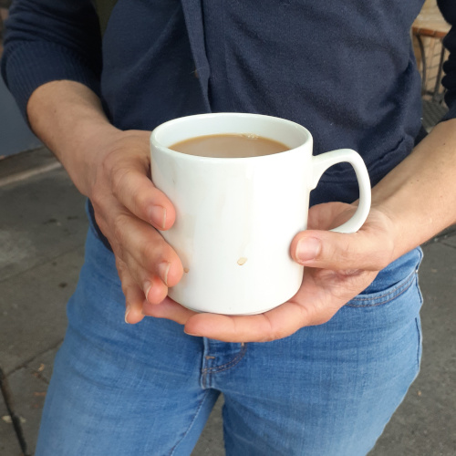 Met up with multidisciplinary artist Xander Marro at Seven Stars on Broadway at 8am. The weather was a little grey but not rainy, great coffee weather. We each got coffee in a mug and a cup of water in a plastic cup. Coffee was good. We talked about Xander's recent experiences at a residency in Germany, her current work on renovating "the Wedding Cake House" here in Providence, and naturally about the role of art in society. Xander and I have been friends for a long time so naturally we also gossipped and griped as much as can be expected, and she gave me good advice. Kate Schapira stopped by to pick up some pastries for a friend, and chatted with us for a sec. Also Jim from Black Cat came through for his morning cup, but we just said hi. We didn't see anyone else we knew except Xander saw someone she thought she might know but couldn't really remember. We both got free refills.
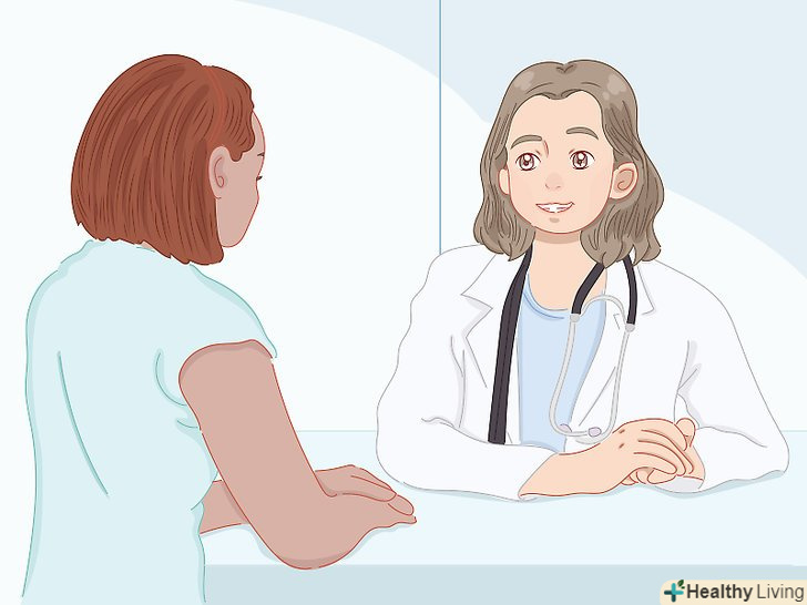 Проконсультуйтеся з сімейним лікарем або педіатром.якщо ви помітили будь-які з перерахованих вище ознак і симптомів, які зберігаються протягом декількох днів (і Ваші батьківські інстинкти б'ють тривогу), запишіться на прийом до лікаря. Це найкращий спосіб дізнатися, чи є у дитини отит або інші нездужання, що вимагають медичної допомоги. Лікар скористається приладом з фоновим підсвічуванням, який називається отоскоп, щоб оглянути барабанну перетинку. Почервоніла і опухла барабанна перетинка свідчить про запалення середнього вуха.[7]- Також лікар може використовувати спеціальний пневматичний отоскоп, який пускає струмінь повітря в зовнішній слуховий прохід крізь барабанну перетинку. Здорова барабанна перетинка у відповідь на повітряний потік вібрує з невеликою амплітудою, а забита рідиною може взагалі залишатися нерухомою.
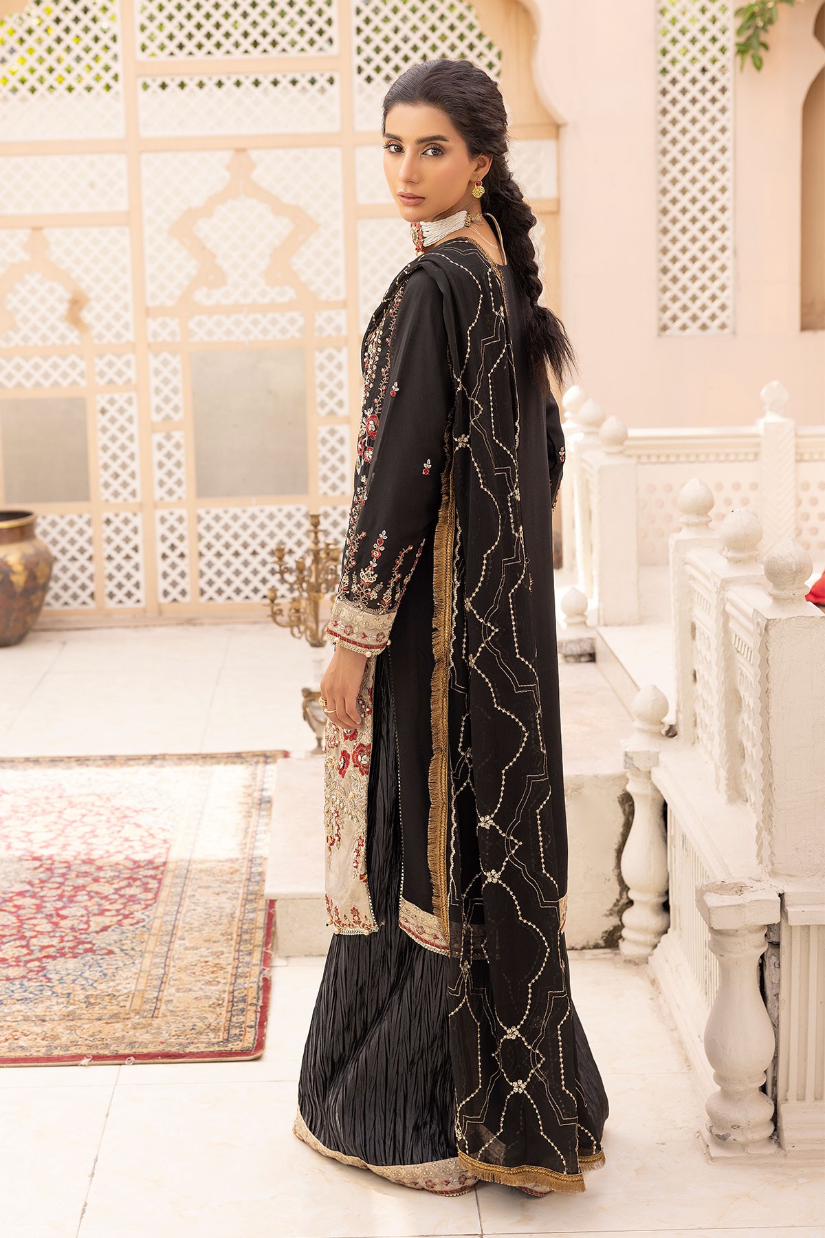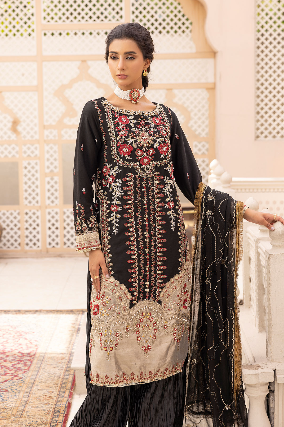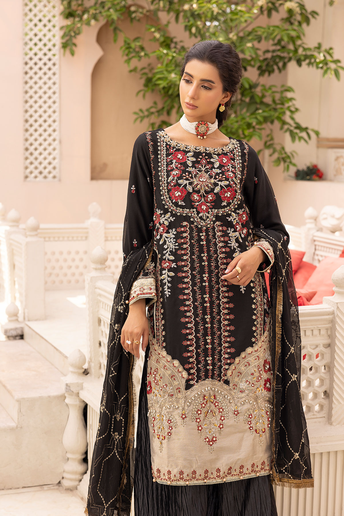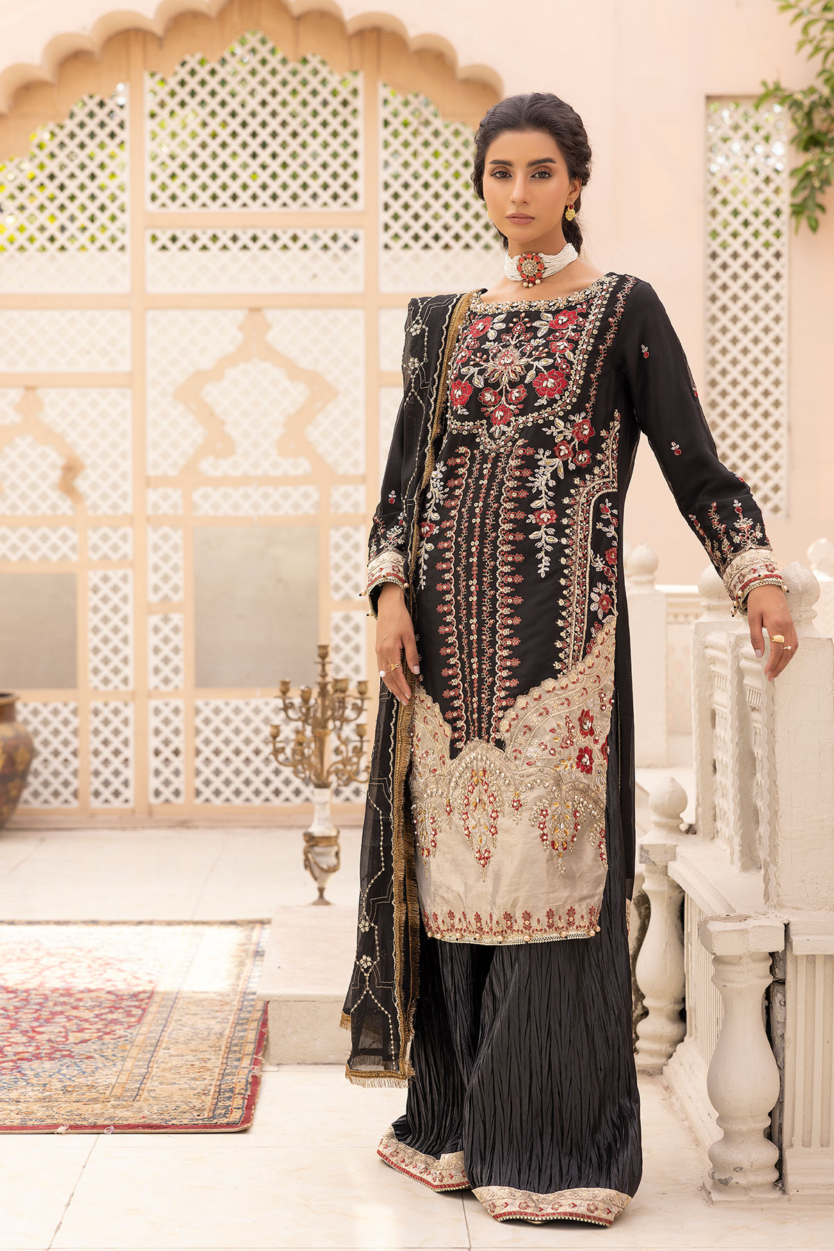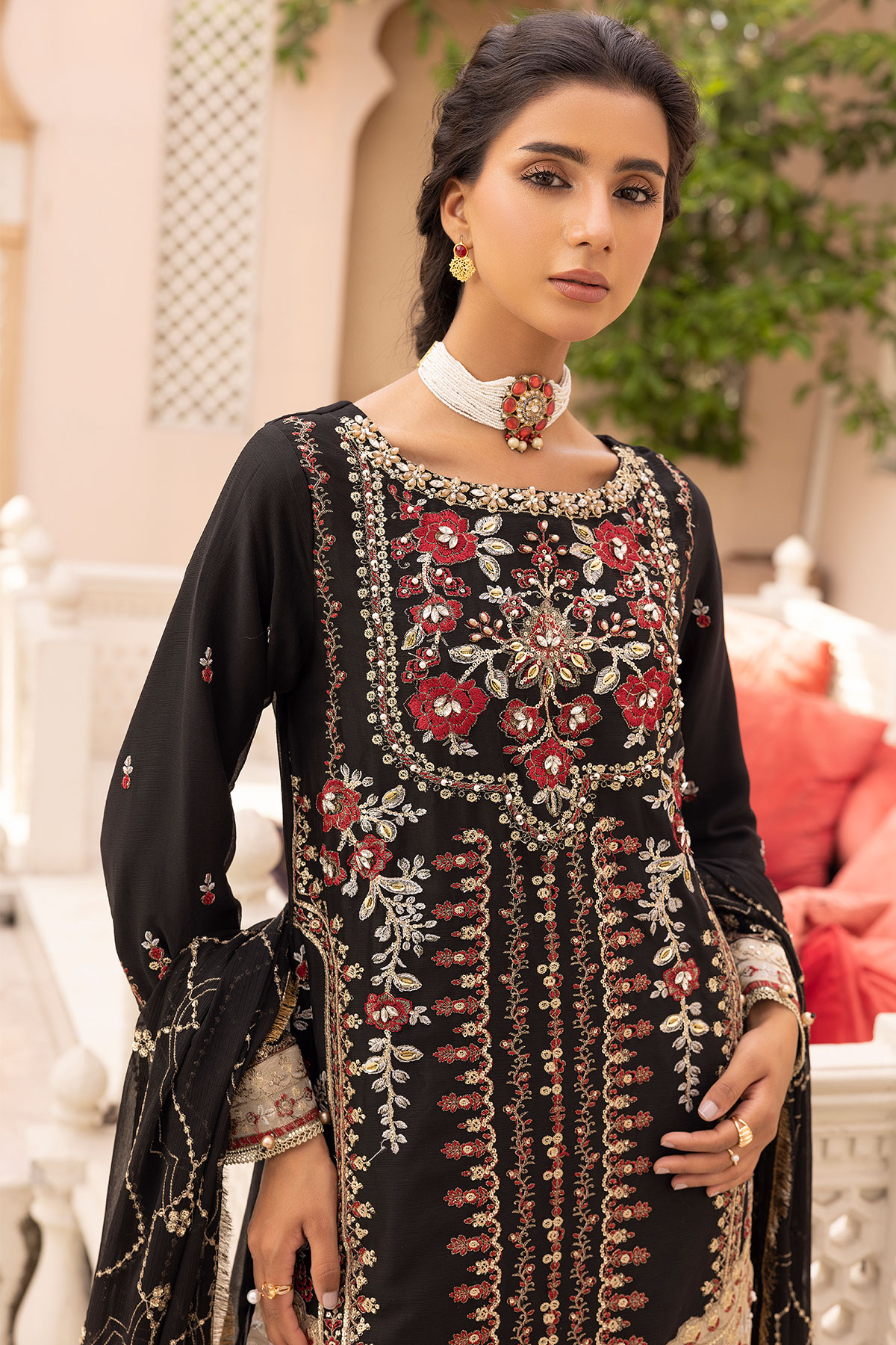 This beautiful 3 piece Kashish collection suit features a straight pure chiffon shirt with luxury thread work embroidery with scattered diamantés, finished with full length embroidered sleeves. Paired with crinkled plazo trousers. The look is finished with a chiffon embroidered dupatta. Perfect festive collection for Eid 2025 known for comfort and elegance.

ACTIVITY - The answer must repeat every line of the listing exactly and leave the pictures out.

RESULT OF THIS EXERCISE -
 Met up with multidisciplinary artist Xander Marro at Seven Stars on Broadway at 8am. The weather was a little grey but not rainy, great coffee weather. We each got coffee in a mug and a cup of water in a plastic cup. Coffee was good. We talked about Xander's recent experiences at a residency in Germany, her current work on renovating "the Wedding Cake House" here in Providence, and naturally about the role of art in society. Xander and I have been friends for a long time so naturally we also gossipped and griped as much as can be expected, and she gave me good advice. Kate Schapira stopped by to pick up some pastries for a friend, and chatted with us for a sec. Also Jim from Black Cat came through for his morning cup, but we just said hi. We didn't see anyone else we knew except Xander saw someone she thought she might know but couldn't really remember. We both got free refills.
 Проконсультуйтеся з сімейним лікарем або педіатром.якщо ви помітили будь-які з перерахованих вище ознак і симптомів, які зберігаються протягом декількох днів (і Ваші батьківські інстинкти б'ють тривогу), запишіться на прийом до лікаря. Це найкращий спосіб дізнатися, чи є у дитини отит або інші нездужання, що вимагають медичної допомоги. Лікар скористається приладом з фоновим підсвічуванням, який називається отоскоп, щоб оглянути барабанну перетинку. Почервоніла і опухла барабанна перетинка свідчить про запалення середнього вуха.[7]- Також лікар може використовувати спеціальний пневматичний отоскоп, який пускає струмінь повітря в зовнішній слуховий прохід крізь барабанну перетинку. Здорова барабанна перетинка у відповідь на повітряний потік вібрує з невеликою амплітудою, а забита рідиною може взагалі залишатися нерухомою.
 This beautiful 3 piece Kashish collection suit features a straight pure chiffon shirt with luxury thread work embroidery with scattered diamantés, finished with full length embroidered sleeves. Paired with crinkled plazo trousers. The look is finished with a chiffon embroidered dupatta. Perfect festive collection for Eid 2025 known for comfort and elegance.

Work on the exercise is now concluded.